Promi-Fotos versus Menschenrechte
28. Juni 2004
"Hannover gegen Deutschland" - der Titel der Rechtssache klingt wie ein Fußballmatch. "Hannover" steht in diesem Fall für einen Liebling der Klatschpresse, Prinzessin Caroline von Monaco, Ehefrau von Ernst August Prinz von Hannover. Die Adelige hatte beim Gericht in Straßburg Beschwerde eingelegt und bekam am Donnerstag (24.6.2004) Recht.
Fotos, die sie privat an öffentlichen Orten zeigen, dürfen nicht mehr ohne ihre Einwilligung publik gemacht werden. Die sieben Richter watschten damit das deutsche Bundesverfassungsgericht ab. Es hatte 1999 entschieden, dass die Prinzessin als "absolute Person der Zeitgeschichte" die Veröffentlichung von Fotos hinnehmen muss, wenn diese sie in einem öffentlichen Raum zeigen. Im konkreten Fall waren das Schnappschüsse in den deutschen Illustrierten "Bunte" und "Neue Post", die sie beim Reiten, Skifahren und Baden zeigten.
Fehlt die Balance?
So geht's nicht, meinten die Hüter der Menschenrechte in Straßburg. Die Balance zwischen dem Recht auf Meinungsfreiheit und dem Schutz des Privatlebens sei in Deutschland nicht gegeben. Die Öffentlichkeit könne "kein legitimes Interesse daran geltend machen zu erfahren, wo Caroline von Hannover sich aufhält und wie sie sich allgemein in ihrem Privatleben verhält."

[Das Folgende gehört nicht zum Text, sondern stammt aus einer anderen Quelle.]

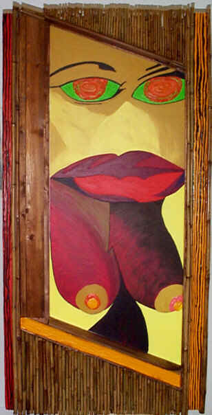 H157cm W77cm) Dated: 15-11-1998 Medium: Acrylic on reinforced hardboard framed with bamboo Price: £ 750 or $ 1050 From the same photograph by Gian Paulo Barbieri (Painting no 2.35 and no 2.38). I have painted a 3rd version incorporating bamboo. This is a more dramatic and interresting painting. The use of bamboo to frame the nude helps to express her earthiness and brings out other aspects of her fullsome character. Following this painting, I shall paint one more version, a "New Realism" detailed work. I am looking forward to this quite different challenge - to paint a visually authentic version. |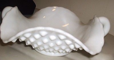 Title (ebay affiliate link): White Hobnail Milk Glass Wavy Candy Dish w Handles FREE SHIPPING

Europas Jet Set klatsch begeistert in die Hände. "Ein wunderbares Urteil", befand Carolines Verteidiger, der Hamburger Medienanwalt Matthias Prinz. Aber so mancher wundert sich dann doch, dass das 1959 gegründete Organ, welches sonst über gewichtige Themen wie das Todesurteil gegen den PKK-Führer Öcalan brütet, einer Prinzessin Recht gibt, deren Fürstenhaus sich jahrelang zu gern im öffentlichen Rampenlicht sonnte. Und deren Gatte nicht nur die Boulevardblätter mit Themen versorgt, wenn er mal wieder Journalisten verprügelt oder seine Notdurft bierselig an einem Pavillon der Weltausstellung Expo verrichtet.
Das Gericht vor Gericht
Die Entrüstung der Presse war vorprogrammiert. Die deutschen Blätter schießen sich auf den Europäischen Gerichtshof für Menschenrechte ein. Von Zensur und einer fatalen Auswirkung auf jegliche Art von Bildberichterstattung in Europa ist die Rede. Die Medien würden zum "Hofberichterstatter" degradiert, klagt Wolfgang Fürstner, Geschäftsführer des Verbands Deutscher Zeitschriftenverleger. Das Gericht schreibe der Öffentlichkeit vor, was diese zu interessieren habe. Die Süddeutsche Zeitung spricht von einer "konservativ-elitären Betrachtung" Straßburgs, für die "nur ernsthafte Beiträge zur öffentlichen Debatte von Gewicht seien". Die Bundesregierung prüft laut Justizministerium, ob es eine Klage gegen das Urteil einreicht.
Legitimes Interesse an Personen?
Aber geht es nicht bloß darum, die Prominenten vor skandalsüchtigen Paparrazzi zu schützen, die nach Bildern geifernd hinter jedem Busch lauern? Ist die Pressefreiheit in Gefahr, wenn keine Fotos mehr von badenden Celebrities erscheinen dürfen? Ja, ist sie, sagen die deutschen Medienvertreter. Denn wenn die Stars sich demnächst selber aussuchen dürften, wie und wann sie abgelichtet werden, könne von objektiver Berichterstattung in der Tat nicht mehr die Rede sein. Das Interesse an Personen der Zeitgeschichte sei legitim, besonders dann, wenn die sich daneben benehmen. Das sehen die Straßburger Richter offenbar nicht so.